Wednesday, October 26, 2011

Young Love

Young love is a flame; very pretty, often very hot and fierce, but still only light and flickering. ~Henry Ward Beecher
Ah, young love . . . Growing up, I got a lot of my ideas on how relationships worked from TV shows.  I grew up with shows like The Cosby Show, Family Ties, and Growing Pains.  Whenever one of the teenage boy characters on these shows had to ask someone to a dance or out on a date, they would sweat and panic at the idea.  They would be all nervous around their object of affection and could not think straight to even carry on a conversation.  I remember the female characters would always be sitting by the phone, waiting, hoping, praying for it to ring.  The minutes would drag by and would seem like hours.  They planned their walks to class around the notion of bumping into their object of affection.  It consumed their thoughts and minds.  That normally ended up talking up the majority of the 30 minute show.   
When I was younger, I always thought this was weird.  But then I found myself sitting by the phone, changing my route to class and batting my eyes at the person playing the male lead in my real-life sitcom.  Why do we do that?  
Love is a powerful force, but then again, so is like.  When I followed these guys around and cleared my schedules to accommodate them, I certainly was not in love.  I was experiencing attraction . . . . the beginnings of a like relationship.  I giggled (ugh.), I smiled, I waved, I flirted.  Often these types of relationships are described as “young love”. 
 Love is a big word.  We throw the term love around like it is as easy to do as it is to say.
The Bible says in 1 Corinthians 13 that love never gives up. Love cares more for others than for self. Love doesn't want what it doesn't have. Love doesn't strut, Doesn't have a swelled head, Doesn't force itself on others, Isn't always "me first," Doesn't fly off the handle, Doesn't keep score of the sins of others, Doesn't revel when others grovel, Takes pleasure in the flowering of truth, Puts up with anything, Trusts God always, Always looks for the best, Never looks back, But keeps going to the end.      
Are you ready for that kind of commitment?  Is that something you are willing to sign up for?  My husband did not say “I love you” until the moment he was down on one knee, offering me a ring.  He had always said “the next time I say I love you to someone, I am going to be sure I am committing to it forever.”   Love is a powerful thing.  Be confident you can fulfill your commitment before you offer yours to another.

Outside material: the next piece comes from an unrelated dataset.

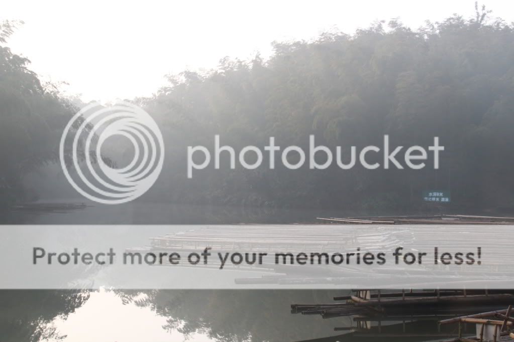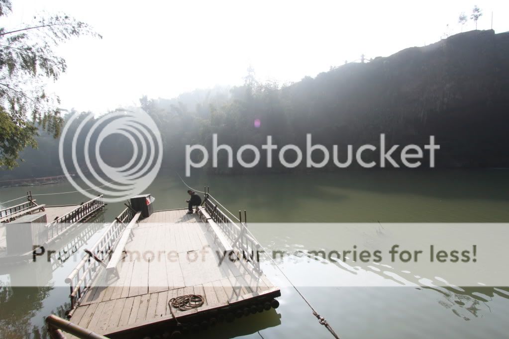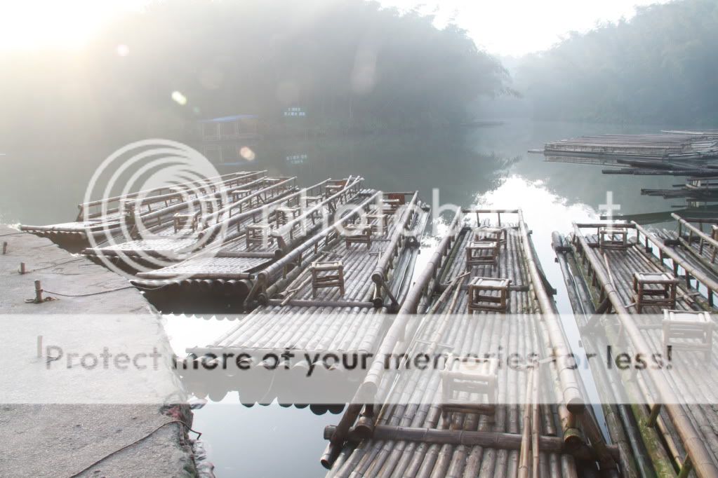 在七彩飞瀑还可以乘坐竹筏滑过这个小湖。这竹筏也是另外收费得。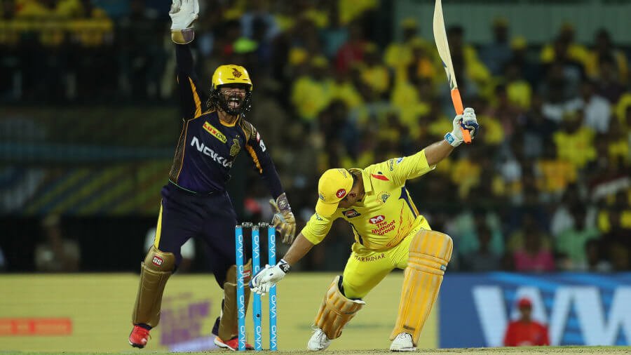 CSK was playing their first home match of the season after a gap of more than 1000 days and during a chase of a daunting target of 203, Piyush Chawla was bowling to Chennai skipper MS Dhoni and on the third ball of the over, MS miss timed a shot which took the inside edged off his bat and it had gone straightly to the hands of the KKR skipper Dinesh Karthik, who firstly fumble but somehow manages to hung n to the bowl and collects like a boss! KKR even didn’t appeal but Mahi started to walk.

Friday, September 30, 2011

BE ALL THERE

“Forever is composed of nows.”  ~Emily Dickinson

I recently overheard a conversation between a high school junior and his (ex?) girlfriend’s friend.  (FYI-  I was in a position where I could not help but hear no matter how hard I tried- and believe me, I tried.  This was not my idea of a relaxing afternoon.)  This conversation went on for the better part of 20 minutes.  The gist of it was the friend was communicating to the (ex?) boyfriend why the (ex?) girlfriend was so mad about something he had said or not said.  This poor 17 year old looked truly confused.  He literally had no idea that what he had done was a problem.  

Here is why:  he is 17.  There are grown men who are confused by these type situations.   These teenage guys forget to shower, much less remember to do all the perfect things that their Team Edward-obsessed girlfriends expect of them.  Ladies in high school: please remember who you are dealing with.  These guys still like to expel gases from their bodies and laugh about it.  These guys could sit on a couch for hours at a time, blowing things up with their video controller (some 30 year olds still do that).  These guys can literally grunt to one another to communicate.  They are teenagers!  They are simply not concerned with all these deep relationship issues! 

If you are looking for a relationship in high school, I am not going to simply say all high school relationships do not work.  BUT understand that you are getting just that: a high school-er.  Don’t get me wrong- high school-ers are awesome.  It’s one of the best times of your life.  You can do amazing things for Christ- in your school, community and friendships.  You have influence over culture that adults can only dream of.  But expecting your relationship to be “mature” and developed into what the world tells us it should be is not realistic. (Not to mention in every high school movie or TV show, the actors playing these roles are like 28 years old.)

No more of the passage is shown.